SPIEGEL: Man müsste diese Verwaltungen also erst aufbauen?

Knaus: Genau. Wenn die EU 100 000 Leute oder mehr im nächsten Jahr aus der Türkei umsiedeln will, dann muss das jemand organisieren. Denn man muss die Identität der Leute feststellen, Sicherheitsüberprüfungen machen und glaubwürdig zeigen, dass man bereit ist, die Leute aufzunehmen. Wenn man diesen Apparat nicht aufbaut, dann zeigt man, dass dieses Versprechen nicht ernst gemeint ist. Dabei gibt ja sicherlich zehntausende Flüchtlinge allein in der Türkei, die als Verwandte von bereits in Europa lebenden Asylantragstellern oder Flüchtlingen eine enorme Motivation und auch das Recht haben, einen Weg zu ihren Angehörigen zu finden, der nicht über die Ägäis oder über Schlepper führt.

SPIEGEL: Die griechische Regierung sagt, Europa brauche in der Flüchtlingskrise einen Plan B. Wie könnte der aussehen?

Knaus: Es gibt ja bereits eine Art Plan B, der bei immer mehr europäischen Regierungen auf Sympathie stößt, der allerdings um vieles aufwendiger, unsicherer und teurer wäre als das bestehende Abkommen umzusetzen. Davor warnt auch UNHCR eindringlich. Es ist der alte Plan von Viktor Orbán: eine australische Lösung, die darauf setzt, dass Flüchtlinge die EU zwar erreichen können, aber dann dort festgehalten werden, ähnlich wie das Australien auf der Pazifik-Insel Nauru macht. Der österreichische Aussenminister hat in den vergangenen Wochen immer wieder davon gesprochen, dass man von der australischen Erfahrung lernen könne, er hat allerdings nicht gesagt, ob das dann noch mit der Flüchtlingskonvention in Einklang gebracht werden muss. Oder wo diese Insel ist.

SPIEGEL: Das wäre dann ganz Griechenland, inklusive des Festlands.
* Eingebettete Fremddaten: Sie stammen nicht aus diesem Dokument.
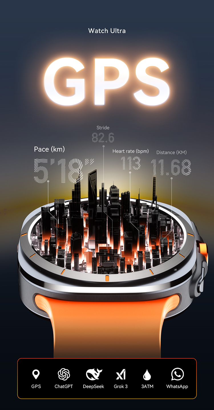Independent GPS, 3ATM Waterproof, photo image synchronization, noise, translation, pinch-finger answer, Offline voice assistant, ChatGPT, WhatsApp reply, AI smart dial production, Equipped with ChatGPT, Deepseek, Grok.

Knaus: Ja. Die EU würde darauf setzen, dass die Bedingungen in Griechenland so schlecht wären, dass die Leute aus eigenem Interesse in der Türkei oder in Afghanistan blieben. Um das zu verstärken, würden noch die Grenzen auf dem Balkan militarisiert. Statt der Türkei ist die EU dann von Mazedonien und Serbien abhängig. Diese Entwicklung wird eintreten, wenn man sich vom EU-Türkei-Plan verabschieden sollte. Die Belastungen wären nicht nur für Griechenland, sondern für ganz Europa immens und in ihren Konsequenzen unüberschaubar.